Issue #5
This Week in Guix: 3 July 2026
This issue covers Guix development, package updates, and community discussion from 2026-06-26 through 2026-07-03.
Top Stories
Guix Substitute And Pull Vulnerabilities Disclosed And Fixed
GNU Guix published ‘guix substitute‘ and ‘guix pull‘ Vulnerabilities, disclosing several critical vulnerabilities in the Guix daemon along with a vulnerability affecting guix pull and guix time-machine, and recommending that all users upgrade. The pull request Fix vulnerabilities in guix substitute and guix pull describes four issues, three affecting guix substitute and one affecting guix pull and guix time-machine, with full details in a security advisory opened for guix-artwork. The advisory was announced on Mastodon by @guix and @civodul, and discussed on r/GUIX.
Security Fixes Merged Into Guix
The fixes landed on the main branch, including substitutes: Ignore narinfos that don’t match the request, scripts: substitute: restrict where "file://" URIs can be used, guix: serialization: validate directory entry names in fold-archive, and channels: Do not compute cache key from channel name. A news entry was added and guix was updated to 2ef8ed9. Related security grafts landed for ffmpeg 8.1.2, ffmpeg-6 6.1.6, and ffmpeg-4 4.4.8, and librewolf was updated to 152.0.4-1.
Development
Deblobbed Debian Kernel Package Proposed
The pull request gnu: Add linux-debian adds a deblobbed build of the upstream Linux kernel following the Debian Free Software Guidelines, with the submitter reporting a successful boot in a QEMU VM.
Electronics Packages Move To Engineering Module
The issue Cleanup electronics.scm proposed relocating the csxcad suite and openems solvers out of electronics.scm, followed by the pull request Move csxcad and openems packages to engineering module.
Python Team Prepares Branch For Merge
The issue [python-team]: Branch readiness for the merge tracks tier and release manifest checks ahead of merging the python-team branch. Separately, a build-system-based manifest generator was added to profiles.
Packages
Astronomy, Emacs, And Desktop Packages Updated
Astronomy packages saw broad updates including python-astropy 8.0.0, python-sunpy 7.1.2, and indi 2.2.3.1, alongside new additions such as python-plasmapy and python-astroquery. Other updates included emacs-magit 4.6.0, emacs-exwm 0.35, endless-sky 0.11.2, scummvm 2026.3.0, buildah 1.44.0, podman 5.8.4, transmission 4.1.3, and gerbv 2.13.0. On the Nonguix side, firefox was updated to 152.0.3, element-desktop to 1.12.22, and linux-firmware to 20260622. Removals included recutils, jimtcl, and emacs-chess.
Community
Interoperating Nix Packages With Guix
GuixPkgs: every Guix package, as a Nix flake points to Farid Zakaria's blog post on importing the entire Guix package set into Nix. Going the other direction, a post introduced a with-nix-profile macro for collecting Nix packages from Guix System and Guix Home declarations, with a companion write-up shared on r/GUIX.
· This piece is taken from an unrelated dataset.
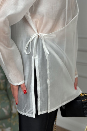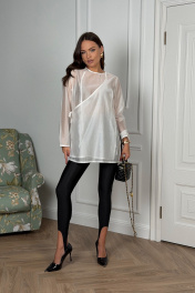 Блузка женская , свободного силуэта . Выполнена из блузочной вискозной вуали высокого качества .Рукав втачной одношовный , горловина круглая , с каплевидным вырезом . Блузка застегивается на запах , фиксируется в области талии на завязки из основной ткани .
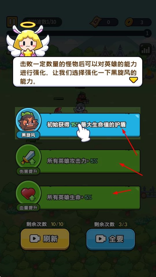 4、在成功击败一定数量的怪物之后,玩家便拥有对英雄能力进行强化的机会。强化选项包括提升单个英雄或者全体英雄的攻击力、生命值等属性,以此来增强队伍的续航能力与输出能力。

Preview Added a with-nix-profile macro. It can be used in package declaration of Guix System and Guix Home, transforming nix-shell-wrapper into packages and collecting Nix packages from them. With the collected Nix packages, an additional build-nix-profile command is provided to build and link the resulted profile to the specified path, also registering GC root. What's left is to write services to execute this build-nix-pro…
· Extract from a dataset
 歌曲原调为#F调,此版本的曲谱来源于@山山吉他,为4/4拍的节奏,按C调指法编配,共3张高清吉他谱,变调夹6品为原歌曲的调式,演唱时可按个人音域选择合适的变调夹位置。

Community Posts Covered Daily Driving, Onboarding, And A Hardened Config
r/GUIX discussion included What's it like daily driving Guix and learning guile scheme?, Daily Driving Guix, Should I jump straight into Guix as a linux beginner?, and a hardened Guix build with a custom kernel. On Mastodon, Ludovic Courtès noted presenting Guix community work at a summer school, a Guix repository was created on Radicle, and a post argued for migrating off PyPI for Guix, referencing issue 6992.
Reader Submissions
No reader submissions were included this week.